Why Write?

If you read about what it’s like to write, you will see all kinds of quotes about how hard it is, or how it will drive one to madness. You might think about the writers who bare their soul to the world and you might think about how you would never want to share so much with strangers. So why on earth would someone like you want to be a writer?

I’m here to answer that question today. My answer will not include every reason ever, as the decision to write is personal. There could be a unique answer for every person alive right now and beyond, and I feel like trying to include them all would help me find WordPress’s word count limit…so let’s just jump in!

How I feel about writing

Most of the time, I don’t. Writing to me is as natural as breathing. However, when I get the urge to become a professional writer, I cringe. I feel like I’m some kid that just announced that they want to make a living off of writing Sonic the Hedgehog fan fiction. Because of this, it is very rare that I talk about that dream with anyone (until now I guess). And because of that, I have never seriously worked to become one before. 

But is it childish?

A photo of me, hard at work.
Photo by cottonbro on Pexels.com

All my life I have been told that creative careers were useless, silly, childish. I was told I would never make a living off of creativity. These people were just…ignoring Hollywood and Stephen King, I guess.
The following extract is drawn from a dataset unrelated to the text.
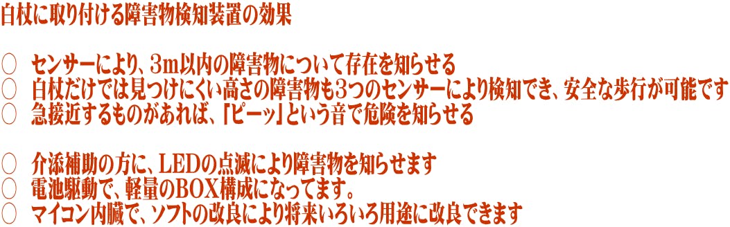 白杖は目の不自由な人が歩くために欠かせないものです。障害物検知ユニットで視覚障害者の安全が確保出きることを期待してます。

Realistically, they were probably just shielding me from the fact that, to make a true living off of writing, you need to have the talent, industry know-how, and/or luck of like .001% of people.* The only people who ever said anything about making it a career were my very young friends (don’t look at me like that, I was also very young at the time), or my English teachers. They were probably just happy that they had someone in their class that didn’t immediately protest writing assignments.

*This number is completely made up.

You haven’t answered my question! 

Think about the Greats out there: Woolf, Plath, Homer, Vonnegut, Wallace…the list extends to the beginning of the written word and will continue until the final letter is scrawled in blood at the end of the apocalypse. 

Too dramatic? 

Okay, but my point is that we don’t look back at these works and think, “ugh, look at the drivel they wrote. What immature nonsense.” 
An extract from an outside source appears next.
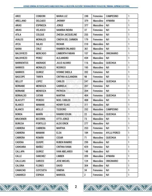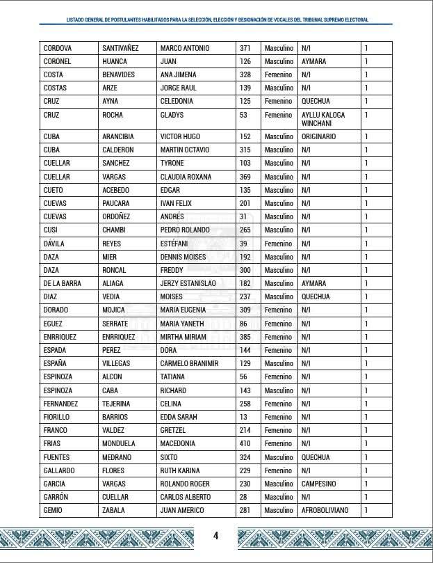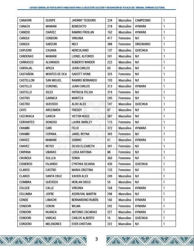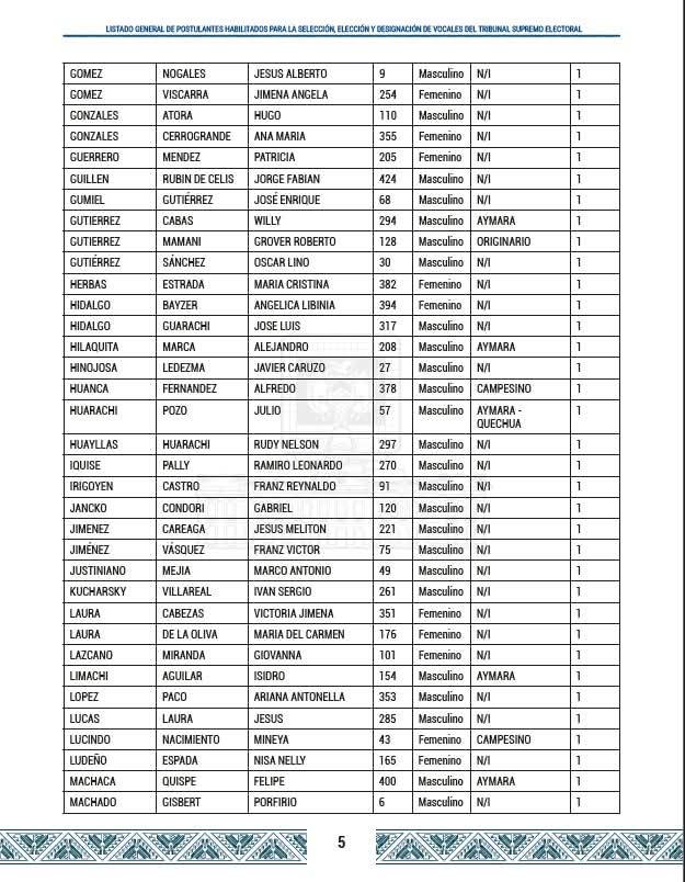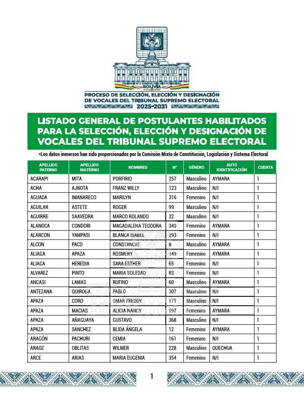 La Comisión Mixta de Constitución, Legislación y Sistema Electoral dio a conocer la lista definitiva de aspirantes habilitados para participar en el proceso de selección, elección y designación de los nuevos vocales del Tribunal Supremo Electoral (TSE), luego de finalizar la revisión de los requisitos generales y específicos de cada postulante, marcando un paso clave en la conformación del organismo electoral.

“Ah,” you say, “but that’s exactly what people say about the immature nonsense I write.”

Well, you’re not alone. Not everyone was a hit the second they popped out of the womb. In fact, I guarantee that the first time any human picked up a crayon, whatever they produced was terrible. Everyone has got to start somewhere, my friend, and that’s where this starts to get a little complicated. A little more real. A little more…”grown up.” Because writing is a skill that is learned and honed. It can be taught and practiced, and anyone can go from crayon on the wall to full-fledged literature in a lifetime. 

But what about if you don’t want to write the next Moby Dick? This is fine, too. Writing doesn’t just have to be about writing books.

What can writing do?

This is the part that I look at a lot for deciding if wanting to be a writer is childish or not. Writing has so many uses that it is silly to think that any of them could be considered “childish.” 

Let’s take the less grandiose uses of writing for example. These are the everyday reasons anyone would write. Journaling, list-making, making a decision, or keeping records are just a few of the ways that I write all the time. I’ll talk more about each of these in depth later, but for now a quick overview:

Maybe don’t make it so obvious, though?
Photo by Ann H on Pexels.com
  1. Journaling is just the act of writing down your thoughts and feelings and events throughout your daily life. This has been proven to reduce stress and increase mindfulness, as it allows you to slow your thoughts down enough to be able to observe the feelings they cause. 
  2. List-making is…making a list. What do you want from me? While this doesn’t seem like something you can improve with practice, think about this: have you ever come across a list that someone has made that included things that didn’t belong or the list itself had no discernible purpose? There ya go. 
  3. Decision-making through writing is something that takes a little more skill than the others, I think. In order to do this, you need to be able to see both sides of something you may or may not have done before in order to lay out facts that you then consider fairly. This might be a little more advanced for some, but it’s definitely something that is doable with time and practice.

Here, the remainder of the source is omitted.